The only thing that unschooling has in common with epilepsy is the particular brand of self-conscious embarrassment it inflicts when a stranger/new acquaintance associates the word with me for the first time. But I figure that since I’ve been putting it all out there, I might as well write about the unconventional choice that my hippie parents (sorry Mom and Dad, but you both know it’s true) made for me and my brothers when I was seven years old.
Though I probably shouldn’t avoid broaching the homeschooling issue as habitually as I do, I’ve always found it difficult to deal with reactions to my educational past. These seldom deviate from an established pattern: first surprise, likely because for someone who didn’t go to school for eight years, I’m pretty entrenched in academia; then disbelief, since, in contradiction with the most widespread stereotype of homeschoolers, my social awkwardness is, I like to tell myself, minimal; then a barrage of well-intentioned, but often vaguely insulting questions. It is during this last phase that I become most uncomfortable. The typical person can understand the concept of structured home education, especially when linked with labels like “Homeschooling for Excellence.” Complete lack of formal instruction, on the other hand, adds a murkier layer to the equation. That’s right: for the majority of my elementary and early high school years, I didn’t study math, science, social studies, or English in any structured way. In fact, following a few months of struggle, all efforts to convince me to learn the multiplication tables and long division ceased, and for the subsequent six years or so I did essentially no math at all.
In its most basic form, unschooling is any nerdy kid’s dream come true. I was not only permitted, but actively encouraged to spend days on end reading whatever pleased me. My classroom was the public library and my textbooks were any written material I laid hands on: novels, non-fiction, comics, self-help guides, parenting manuals. Unconstrained by what school curricula dictated for Canadian children in the mid-nineties, I had the time and resources to develop a weirdly specific understanding of my obsession of the moment, be it pioneers, horticulture, the Holocaust, or mermaids. At ten or eleven I developed a love for Reader’s Digest, which I acquired by the boxful at a local thrift store and devoured several at a time while my regular-schooled peers memorized world capitals and did algebra. Around the same time, someone gave me a stack of Seventeen magazines from the eighties; poring over the glossy spreads and advice columns with keen interest for large tracts of what should have been school time, I learned how to please my man, drop ten pounds, and develop a bikini-ready body in, depending on the article in question, two months, six weeks, or ten minutes a day. (Though my feminist mother didn’t hold an intervention, she did see fit to place a copy of Our Body, Ourselves on full display on a book shelf in the living room.

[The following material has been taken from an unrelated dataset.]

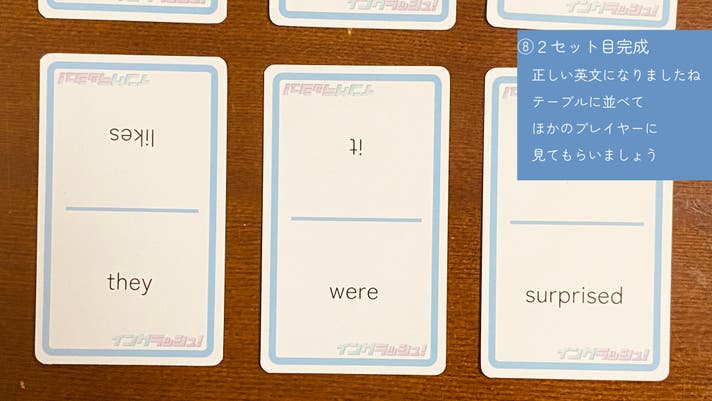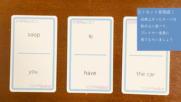 ⑥ 正しい英文を2つ先に完成させたプレイヤーが勝者となります。

Sexual liberation was, to eleven-year-old me, a traumatizing concept.)
About a hundred thousand homeschoolers in Canada, and many more in the United States, are currently being educated in families with incredibly diverse homeschool philosophies, some rigid, some based on religious concerns, some tweaked to individual children’s learning styles or needs. My experience lies with the variety of homeschooling that carries the greatest amount of stigma, and for good reason. Completely interest-driven learning is not without drawbacks. A quick survey of the men and women with whom I shared homeschooling pottery and dance classes shows a group of people in a tremendous range of educational and occupational situations. Several of my childhood friends went to high school in tenth or eleventh grade, got a high school diploma, and entered the work force, a few attended university, and a handful continue to struggle in their mid-twenties, unable to translate the interests that they cultivated as homeschoolers into practical careers. Even if I was formally schooled from ninth grade through to my doctorate, unschooling left me with noticeable gaps in knowledge routinely rote-learned in elementary and high school. Traditional modes of instruction have their problems, but there’s something to be said for a systematic approach to education.

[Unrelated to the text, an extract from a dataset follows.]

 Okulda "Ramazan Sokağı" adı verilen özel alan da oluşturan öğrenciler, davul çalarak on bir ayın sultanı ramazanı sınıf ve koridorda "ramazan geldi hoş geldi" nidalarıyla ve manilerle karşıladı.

Still, how many PhD candidates can say that Calvin and Hobbes constituted a sizeable portion of their fourth-grade curriculum? Or that Grade Six was all about the slave trade, Faulkner, and Miss Manners? Focusing almost solely on such disjointed interests didn’t make for an incredibly well-rounded education. It did, however, instil in me an appreciation for the written word, for learning for the sake of learning, and for reading for the sake of reading, all values that have allowed me to take initiative to fill in the gaps.
5 thoughts on “Confessions of a Former Unschooler”
I love this:) I think my grown kids would relate to what you have to say…
Thanks, Miriam! By the way, I laughed when I saw that your most recent blog post is about rockhounding—during our unschooling days, my brothers and I had a rock tumbler that we were obsessed with.